In the case at hand, all of these guideposts point toward the conclusion that the district court reached.   The third-floor closet was located on the third-floor landing, no more than eight feet from the front door of the apartment;  the landing itself was small and led to the apartment;  the spatial relationship between the closet and the apartment was intimate;  the other residential units in the building were physically removed from both the third floor and the third-floor landing;  and the key found in the defendant's bedroom opened the padlock that secured the closet.   Thus, evidence found in the flat quite literally opened the door to the closet.   That combination of factors was sufficient to permit an objectively reasonable officer to conclude that the storage closet was appurtenant to the apartment and to search the closet under the purview of the warrant.

In an effort to blunt the force of this reasoning, the defendant asserts that such a holding is unwarranted because here, unlike in Principe, there was no confirmation from the landlord that use of the storage closet was a concomitant of renting the apartment.   Accordingly, the defendant's thesis runs, the lack of clarity about whether tenants other than the defendant were entitled to use the closet should have precluded the search.

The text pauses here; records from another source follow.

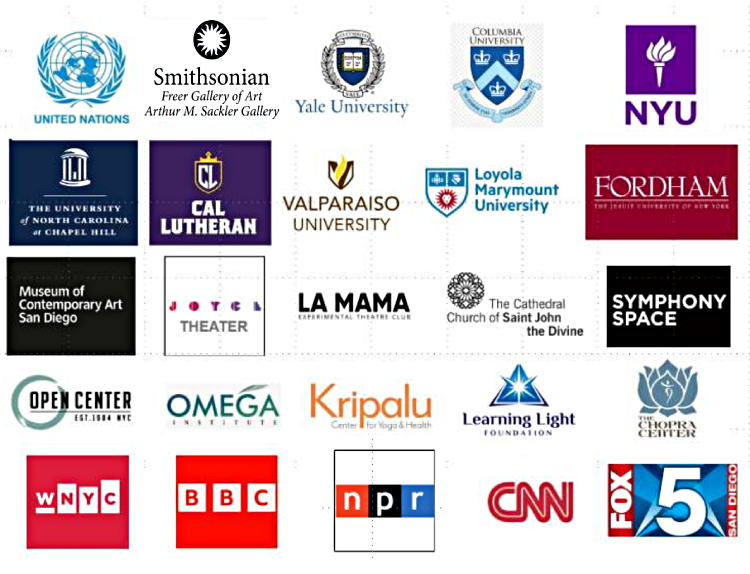 Kripalu Center for Yoga, MA, over 25 performances New York Open Center, NYC, over 20 performances Omega Institute, Rhinebeck, NY, over 10 performances United Nations, NYC, 4 performances Freer Gallery Auditorium, Smithsonian Institution, Washington, DC Memorial Hall, NC Valparaiso University, IN St. Lawrence University, NY Museum of Contemporary Arts, San Diego, CA Chopra Center for Well Being, La Jolla, CA Omega Institute's Conference in New York City St. Peter's Church, New York City Deepak Chopra's Millennium Event, Palm Springs, CA Second Annual Rumi Festival in Chapel Hill, NC Wainwright House, Rye, New York Appalachian State University, Boone, North Carolina CAMI Hall, New York City Cathedral of St. John the Divine, New York City Symphony Space, New York City Exoterica Poetry Society, Riverdale, New York, 10 performances Sufi Books, New York City, over 15 performances Poetry Project, St. Marks Church, New York City, 2 performances LaMama Theater, New York City The Joyce Theater, New York City The Abode of the Message, New Lebanon, New York, 12 performances New York University, New York City Columbia University, New York City Yale University, New Haven, Connecticut
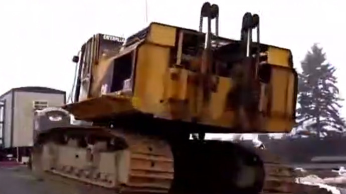 新买的钩机,刚到家就翻了
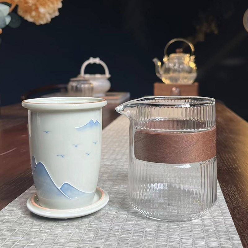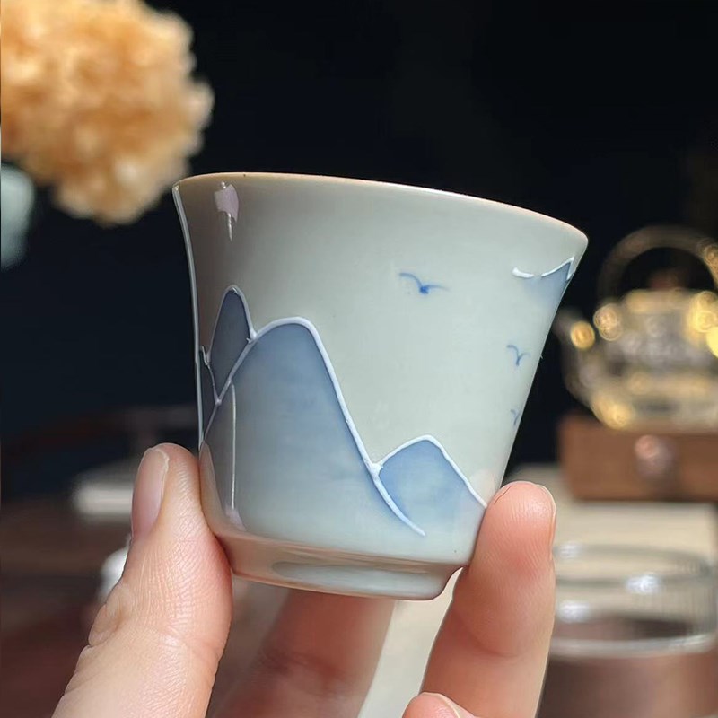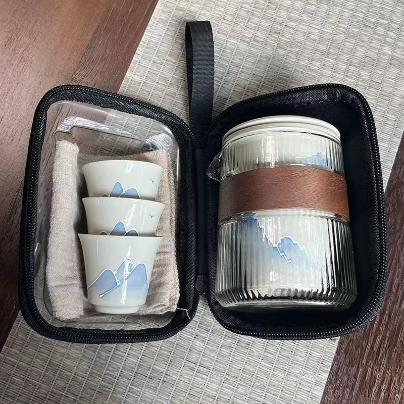手绘浮雕远山快客杯陶瓷旅行茶具一壶三杯户外便携式茶杯套装
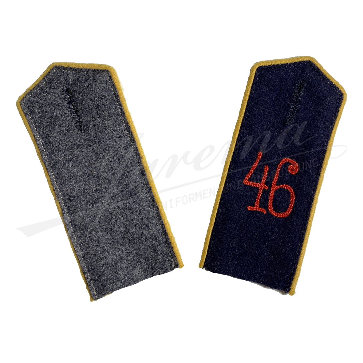German shoulder boards (Achselklappen) for enlisted and NCOs, intended for pre-1907 great coats. Made of Prussian blue wool with woollen piping on steingrau backing and with linen inner layer. If you need other colors please text me on fb. Piping color should be same as the main color of bunter Rock shoulder boards (so Armeekorps color).
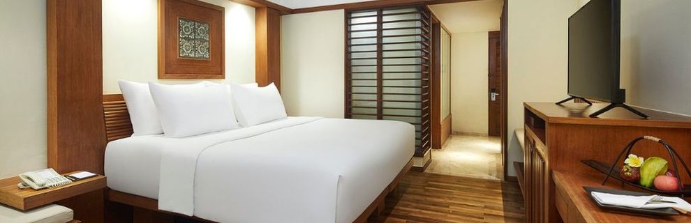 hotel bardzo ładny, pokoje przestronne urządzone w stylu kolonialnym, łazienka duża, kabina prysznicowa, suszarka do włosów, kapcie, sejf. pokój sprzątany codziennie, wymiana ręczników codziennie, dostarczana do pokoju woda butelkowana codziennie - bezpłatna. śniadania w formie bufetu od europejskiego po azjatyckie każdy znajdzie coś dla siebie( owoce, słodycze również) na terenie hotelu duży basen, strefa spa z basenem dodatkowo płatna, restauracje tematyczne oraz restauracja przy plaży można smacznie zjeść, ceny raczej wyższe ale w pobliżu są lokalne restauracje (warung) w dostępnej cenie. obsługa bardzo miła i pomocna hotel godny polecenia
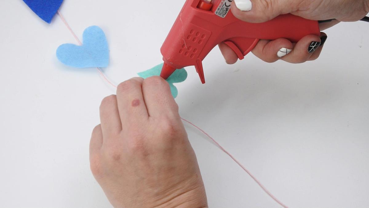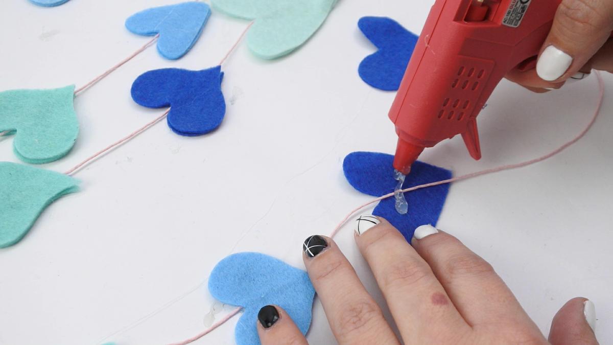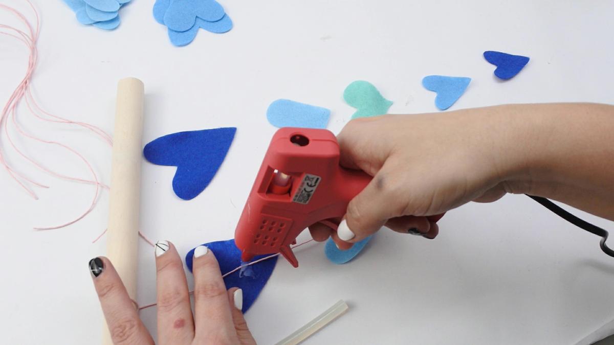 Una vez tenemos todos los corazones que necesitamos cortados, es el momento de darle forma a nuestro tapiz. Para ello nos vamos a ayudar de la pistola de silicona.

 This thesis is unpersuasive.   Each case must stand or fall on its own facts, and a landlord's verification is not a sine qua non to a finding of appurtenancy.   See, e.g., Asselin, 775 F.2d at 446-47;  Weagley, 267 Cal.Rptr. at 87.   What counts is whether the searching officer has an objectively reasonable basis for believing that a particular structure is appurtenant to the premises specified in the search warrant.   If he does, he may search that structure under the purview of the warrant;  he need not halt his search to scrutinize lease arrangements, interrogate landlords, or interview other occupants of the building.

The short of it is that a police officer sometimes can make an objectively reasonable determination of appurtenancy through a common-sense evaluation of information contained in the warrant, the layout, and evidence encountered at the scene.   This is such a case:  the proximity of the storage closet to the apartment, its relative isolation from the other residential units in the multi-family building, the fact that a key discovered in the apartment opened the closet, and the utter absence of any countervailing information were enough to ground an objectively reasonable conclusion that the closet was appurtenant to the apartment.   See, e.g., McCaster, 193 F.3d at 933 (“[T]he close proximity of the area to McCaster's living quarters and its enclosure within the duplex unit supports the finding that it was reasonable for the officers to believe that the area fell within the scope of the warrant.”).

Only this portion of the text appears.